• What is being asked: Please retype exactly the lines from the one containing "花花公子男士内裤平角裤纯棉中腰青年性感U凸全棉四角裤头礼盒装" through the end of the records, leaving out the pictures.
*** Block opens ***
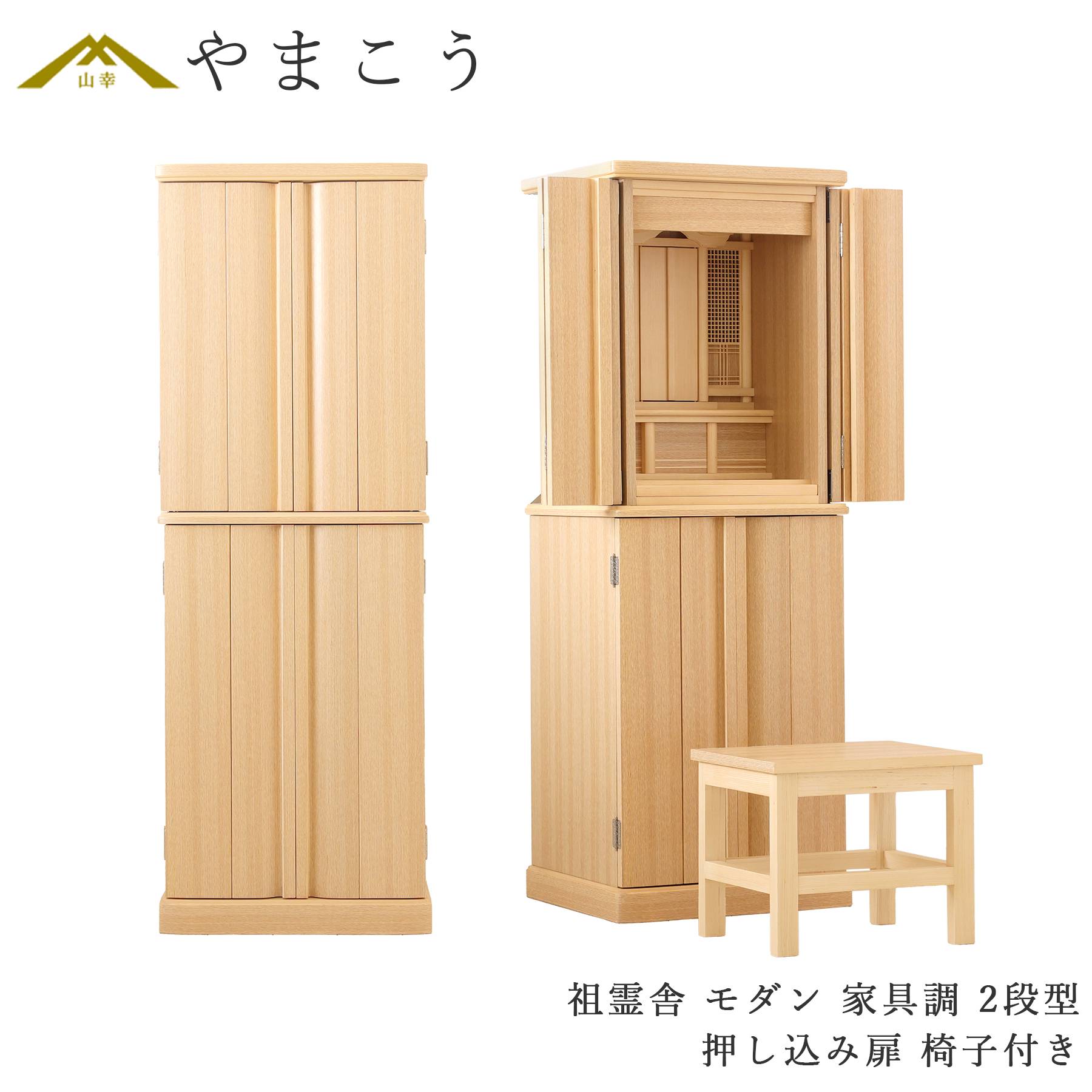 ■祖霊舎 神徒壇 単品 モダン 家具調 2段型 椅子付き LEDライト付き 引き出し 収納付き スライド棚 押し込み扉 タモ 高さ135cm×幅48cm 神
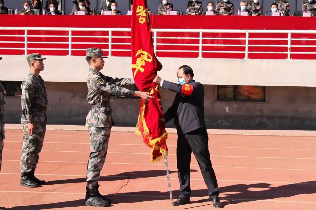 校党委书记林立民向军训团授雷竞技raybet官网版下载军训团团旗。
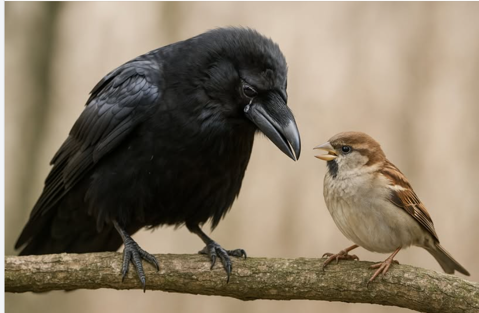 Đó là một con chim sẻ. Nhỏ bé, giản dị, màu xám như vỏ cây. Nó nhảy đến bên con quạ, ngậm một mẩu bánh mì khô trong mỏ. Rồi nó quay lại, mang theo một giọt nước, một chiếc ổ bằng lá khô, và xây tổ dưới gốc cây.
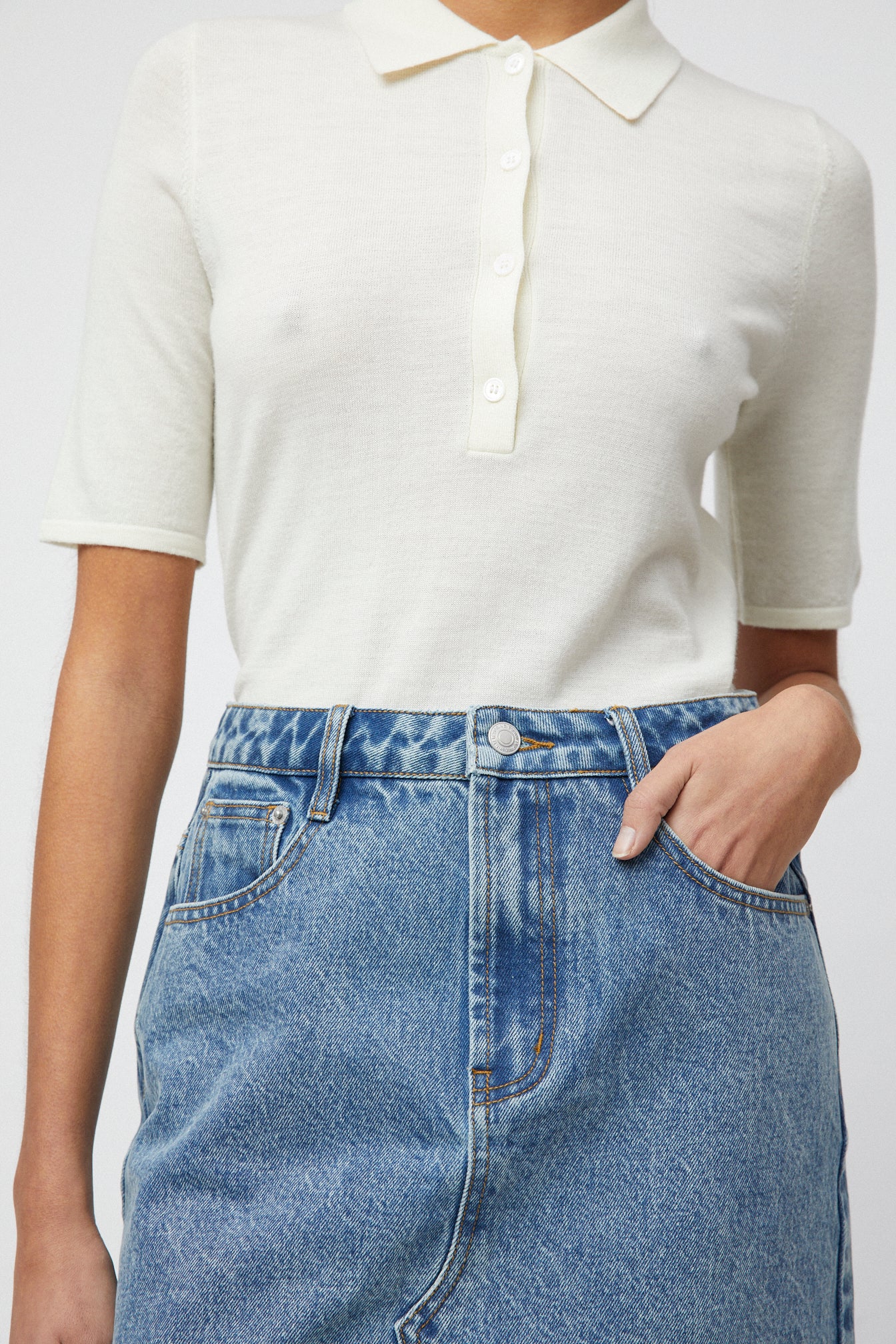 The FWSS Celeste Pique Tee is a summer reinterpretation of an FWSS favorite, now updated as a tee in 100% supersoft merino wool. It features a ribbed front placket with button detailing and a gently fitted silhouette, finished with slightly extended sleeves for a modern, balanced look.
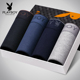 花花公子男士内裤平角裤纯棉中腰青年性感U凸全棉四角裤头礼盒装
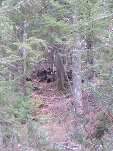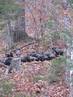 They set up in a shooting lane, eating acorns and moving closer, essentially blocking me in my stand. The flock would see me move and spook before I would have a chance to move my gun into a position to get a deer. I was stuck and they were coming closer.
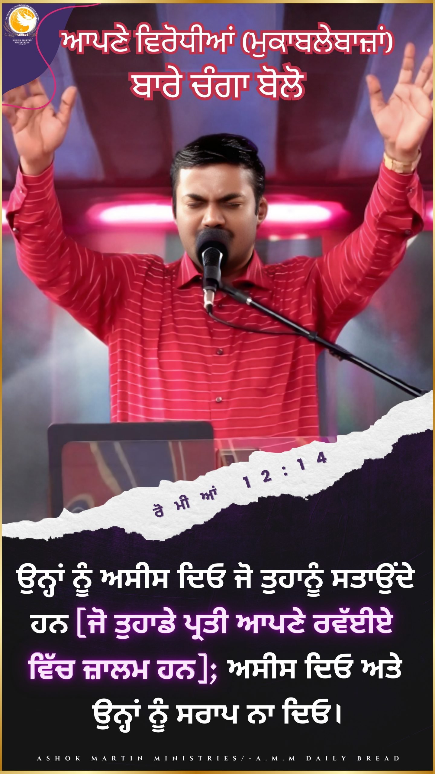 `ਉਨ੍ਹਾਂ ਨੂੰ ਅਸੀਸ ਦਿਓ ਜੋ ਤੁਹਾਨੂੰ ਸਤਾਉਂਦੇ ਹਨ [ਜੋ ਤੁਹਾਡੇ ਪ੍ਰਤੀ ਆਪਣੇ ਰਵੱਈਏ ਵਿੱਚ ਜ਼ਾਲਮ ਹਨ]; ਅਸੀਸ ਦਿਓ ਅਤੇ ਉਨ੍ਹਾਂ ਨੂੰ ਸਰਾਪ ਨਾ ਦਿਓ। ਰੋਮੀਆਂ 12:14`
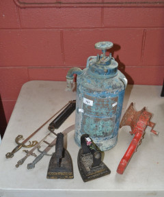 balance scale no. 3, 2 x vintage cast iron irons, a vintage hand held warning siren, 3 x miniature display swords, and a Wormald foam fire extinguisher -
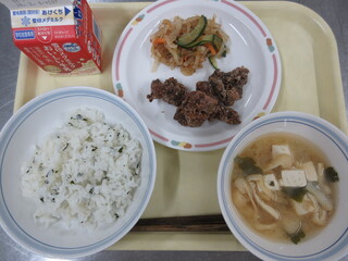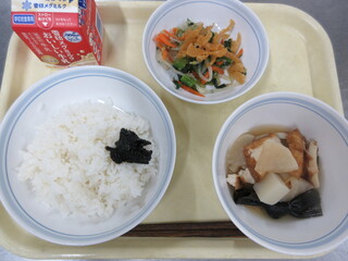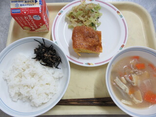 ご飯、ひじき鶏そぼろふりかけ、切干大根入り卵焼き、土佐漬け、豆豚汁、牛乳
*** Block closes ***
• Task solution:
 花花公子男士内裤平角裤纯棉中腰青年性感U凸全棉四角裤头礼盒装
 They set up in a shooting lane, eating acorns and moving closer, essentially blocking me in my stand. The flock would see me move and spook before I would have a chance to move my gun into a position to get a deer. I was stuck and they were coming closer.
 `ਉਨ੍ਹਾਂ ਨੂੰ ਅਸੀਸ ਦਿਓ ਜੋ ਤੁਹਾਨੂੰ ਸਤਾਉਂਦੇ ਹਨ [ਜੋ ਤੁਹਾਡੇ ਪ੍ਰਤੀ ਆਪਣੇ ਰਵੱਈਏ ਵਿੱਚ ਜ਼ਾਲਮ ਹਨ]; ਅਸੀਸ ਦਿਓ ਅਤੇ ਉਨ੍ਹਾਂ ਨੂੰ ਸਰਾਪ ਨਾ ਦਿਓ। ਰੋਮੀਆਂ 12:14`
 balance scale no. 3, 2 x vintage cast iron irons, a vintage hand held warning siren, 3 x miniature display swords, and a Wormald foam fire extinguisher -
 ご飯、ひじき鶏そぼろふりかけ、切干大根入り卵焼き、土佐漬け、豆豚汁、牛乳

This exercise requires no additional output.